Under the proposed law, Bahay Pagasa will be the main “reformatory” institutions for child offenders. There are about 60 of these facilities around the country, most run by local governments. Many are in a state of disrepair and some are not functioning. The proposed law will turn these facilities over to the Department of Social Welfare and Development, and increase their budget.

Lowering the age of criminal responsibility to 12 would be contrary to the Philippines’ international legal obligations, Human Rights Watch said. The United Nations Committee on the Rights of the Child states in its draft general comment on juvenile justice that the age of criminal responsibility should be at least 14 and should under no circumstances be reduced if it has been set higher.
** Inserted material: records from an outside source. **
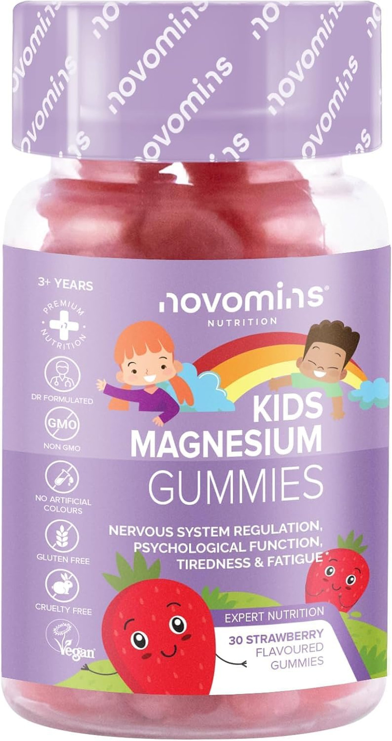 Kids Magnesium Gummies - 546 Mg Magnesium Citrate Providing 60 mg of Magnesium - Alternative to Magnesium Glycinate – 30 Gummies - 1 Month Supply Magnesium Supplements - Vegan - Gluten Free - Novomins
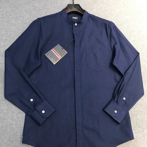 제냐 2026 SS 린넨 화이트 스탠드칼라 히든버튼 레귤러핏 네이비 셔츠 Zegna 2026 SS Linen White Stand Collar Hidden Button Regular Fit Shirt D27564 S |
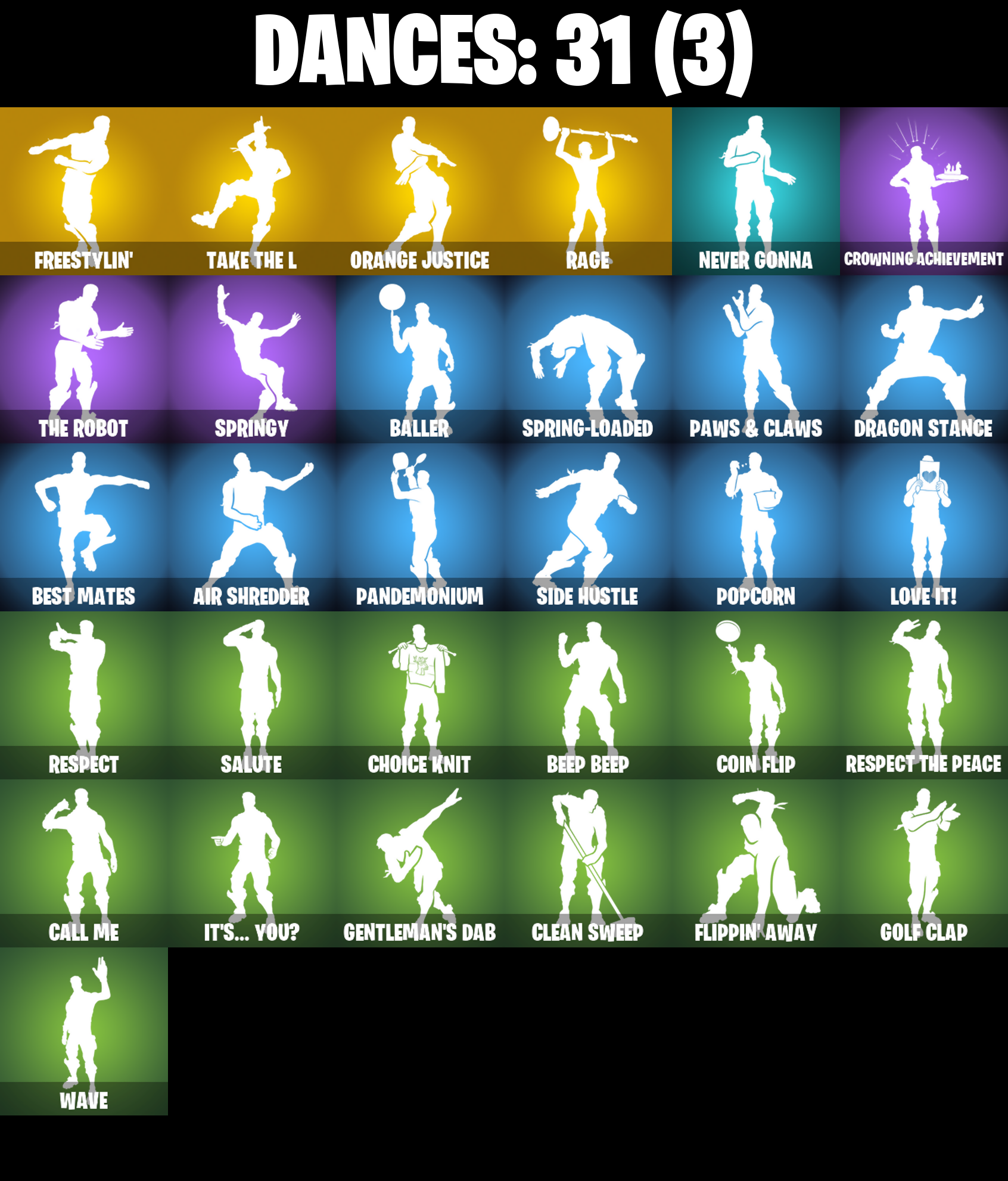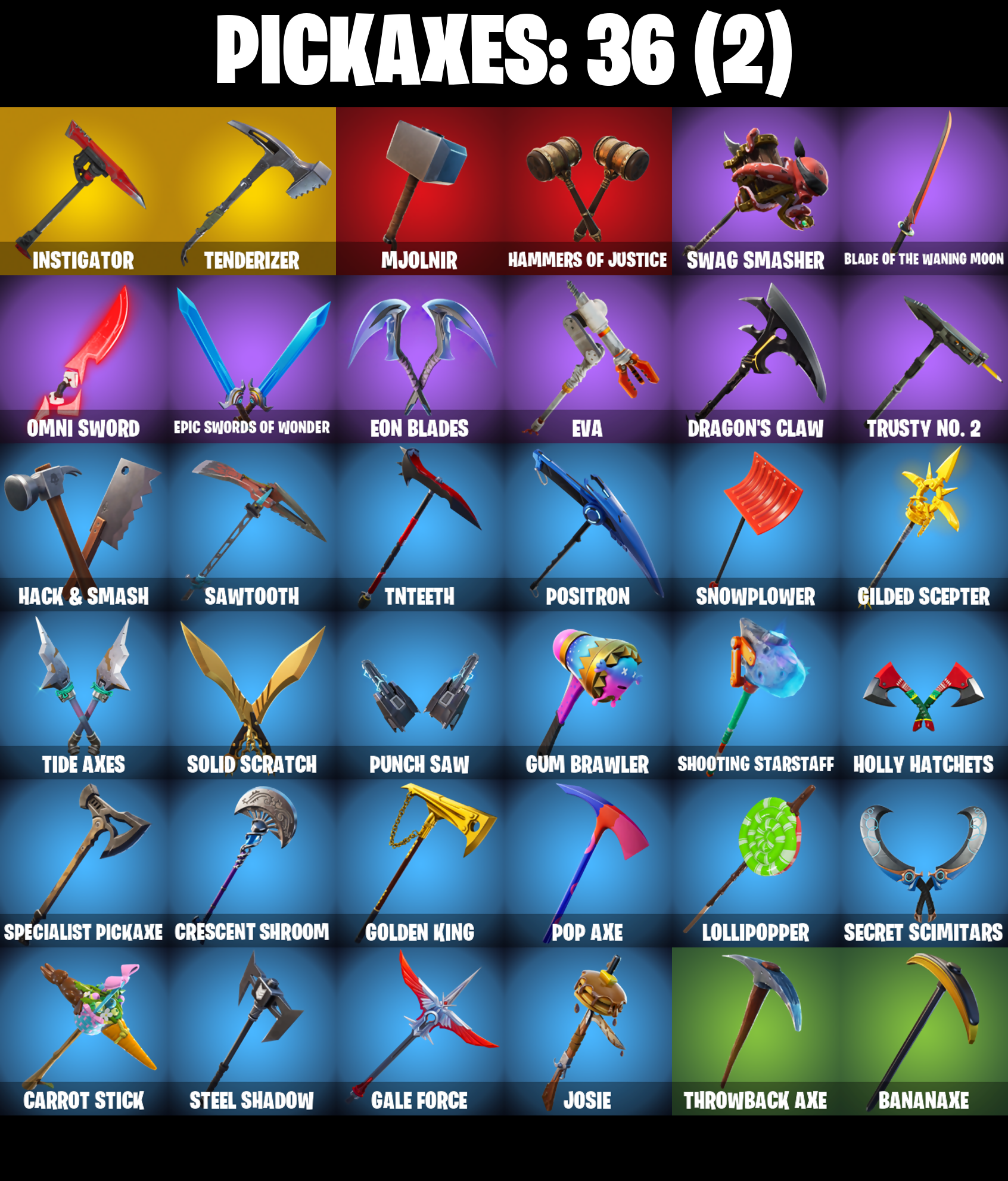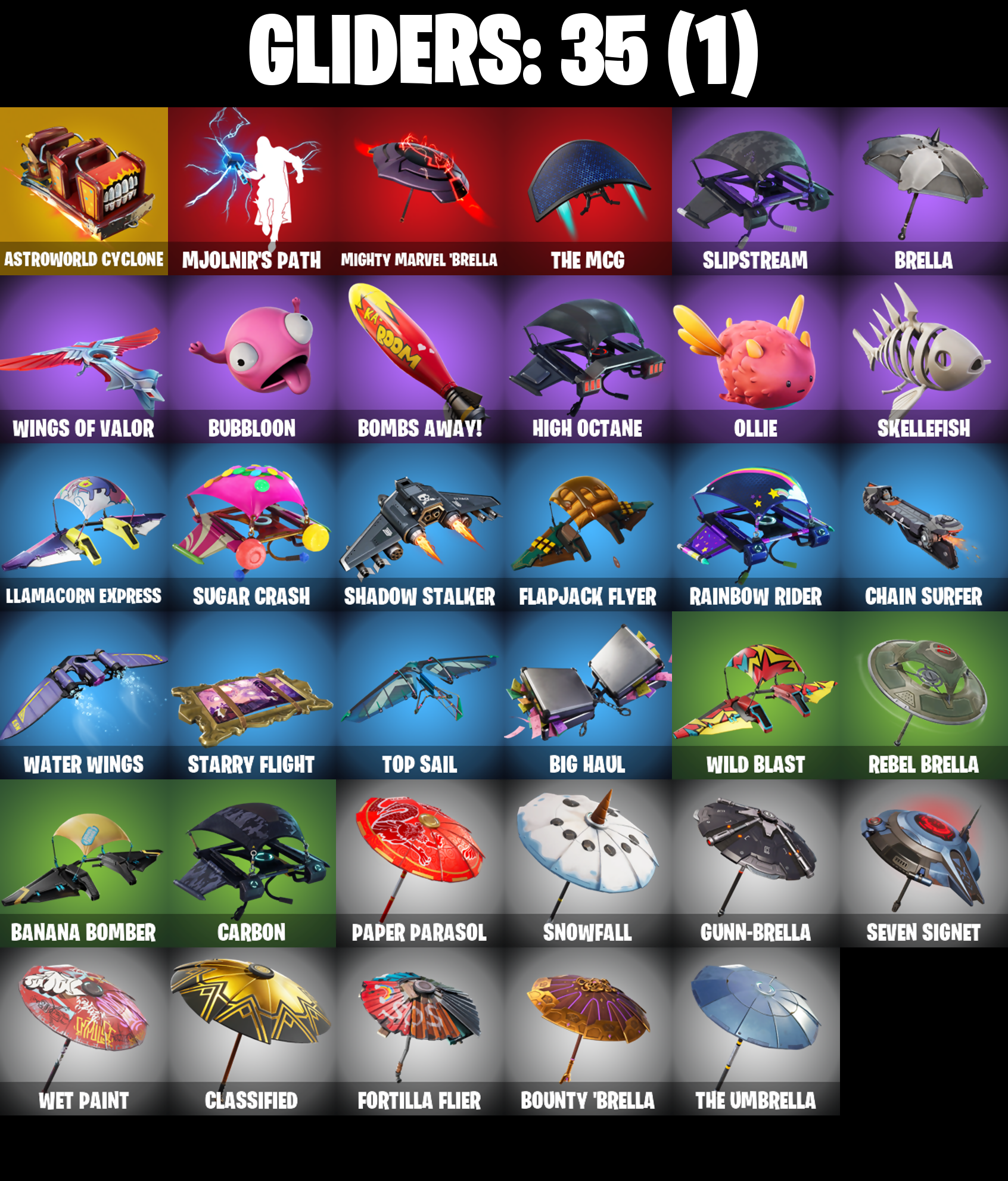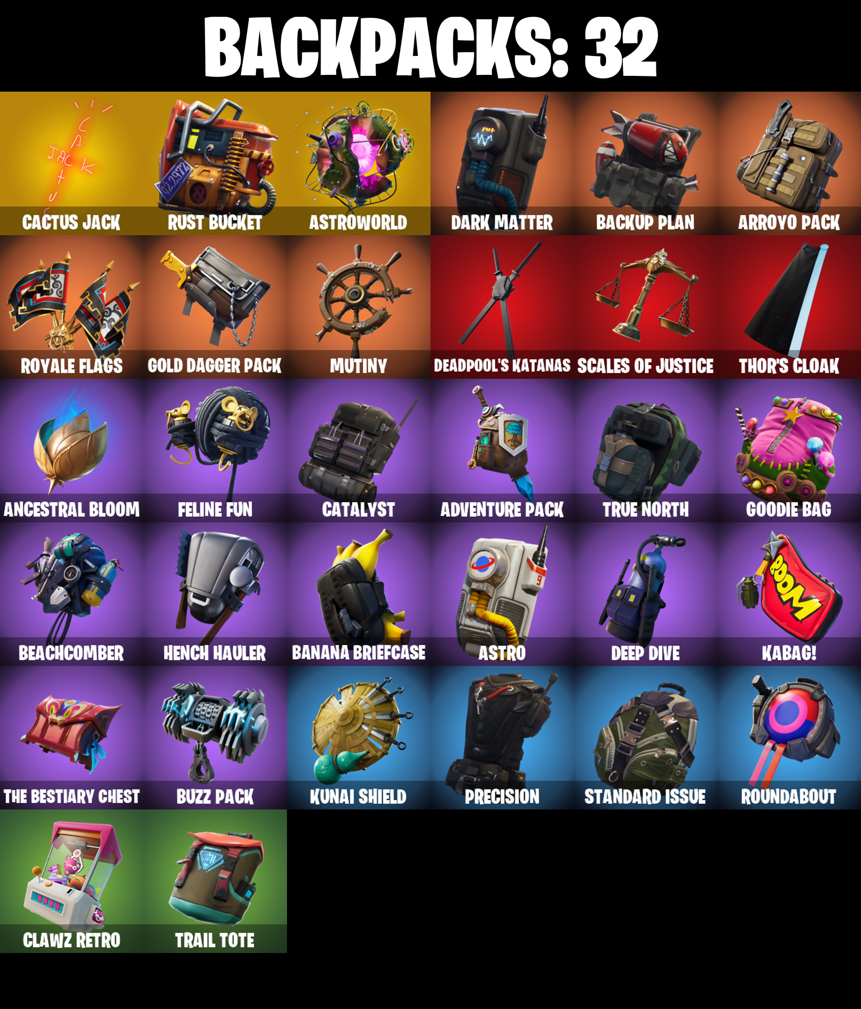 Adventure Pack, Agent Peely, Air Shredder, Ancestral Bloom, Arroyo Pack, Astro, Astro Jack, Astroworld, Astroworld Cyclone, Backup Plan, Baller, Banana Bomber, Banana Briefcase, Bananaxe, Battlehawk, Beachcomber, Beep Beep, Best Mates, Big Haul, Blackheart, Blackheart (Stage 8), Blade Of The Waning Moon, Bombs Away!, Bounty 'Brella, Brella, Bubloon, Buzz Pack, Cactus Jack, Call Me, Carbide, Carbon, Carrot Stick, Catalyst, Chain Surfer, Choice Knit, Classified, Clawz Retro, Clean Sweep, Coin Flip, Crescent Shroom, Crowning Achievement, Dark Matter, Dark Voyager, Deadpool, Deadpool Unmasked, Deadpool's Katanas, Deep Dive, Dragon Stance, Dragon's Claw, Elite Agent, Eon Blades, Epic Swords Of Wonder, Eva, Fade, Feline Fun, Flapjack Flyer, Flippin' Away, Fortilla Flier, Freestylin', Gale Force, Gear Specialist Maya, Gear Specialist Maya (Hat - Dark), Gentleman's Dab, Gilded Scepter, Gold Brutus, Gold Dagger Pack, Gold Midas, Golden King, Golf Clap, Goodie Bag, Gum Brawler, Gunn-Brella, Gunnar, Hack & Smash, Hammers Of Justice, Havoc, Hench Hauler, High Octane, Holly Hatchets, Hybrid, Hybrid (Stage 4), Instigator, Iris, It's... You?, Jennifer Walters, Josie, Kabag!, Kunai Shield, Llamacorn Express, Lollipopper, Love It!, Meowscles, Mighty Marvel 'Brella, Mission Specialist, Mjolnir, Mjolnir's Path, Moonwalker, Mutiny, Never Gonna, Ocean, Ollie, Omni Sword, Orange Justice, Pandemonium, Paper Parasol, Paws & Claws, Polar Peely, Pop Axe, Popcorn, Positron, Precision, Punch Saw, Rage, Rainbow Rider, Rebel Brella, Respect, Respect The Peace, Riptide, Rogue Agent, Roundabout, Royale Flags, Rust Bucket, Rust Lord, Salute, Sawtooth, Scales Of Justice, Scuba Jonesy, Secret Scimitars, Seven Signet, Shadow Stalker, Shifu, Shooting Starstaff, Side Hustle, Skellefish, Skye, Slipstream, Snowfall, Snowplower, Solid Scratch, Specialist Pickaxe, Spring-Loaded, Springy, Standard Issue, Starry Flight, Steel Shadow, Sub Commander, Sugar Crash, Swag Smasher, Take The L, Teknique, Tenderizer, The Bestiary Chest, The McG, The Reaper, The Robot, The Umbrella, Thor, Thor's Cloak, Throwback Axe, Tide Axes, Tnteeth, Tntina, Top Sail, Trail Tote, Trailblazer, Travis Scott, True North, Trusty No. 2, Tsuki 2.0, Water Wings, Wave, Wet Paint, Wild Blast, Wings Of Valor, Wolverine, Wukong, Zoey

Under the Convention on the Rights of the Child, which the Philippines has ratified, the arrest, detention, or imprisonment of children should only be a last resort, and rehabilitation is a priority. Alternatives to detention are preferable to ensure that children are dealt with in a manner appropriate to their well-being and proportionate both to their circumstances and the offense. The alternatives include care, guidance and supervision orders, counseling, probation, foster care, and education and vocational training programs.

“The Philippine government should be looking for ways to improve the rehabilitation of children who have broken the law, not putting more and younger children in horrible detention facilities out of the public view,” Conde said. “There’s a broad range of steps to help troubled children that don’t involve locking them up.”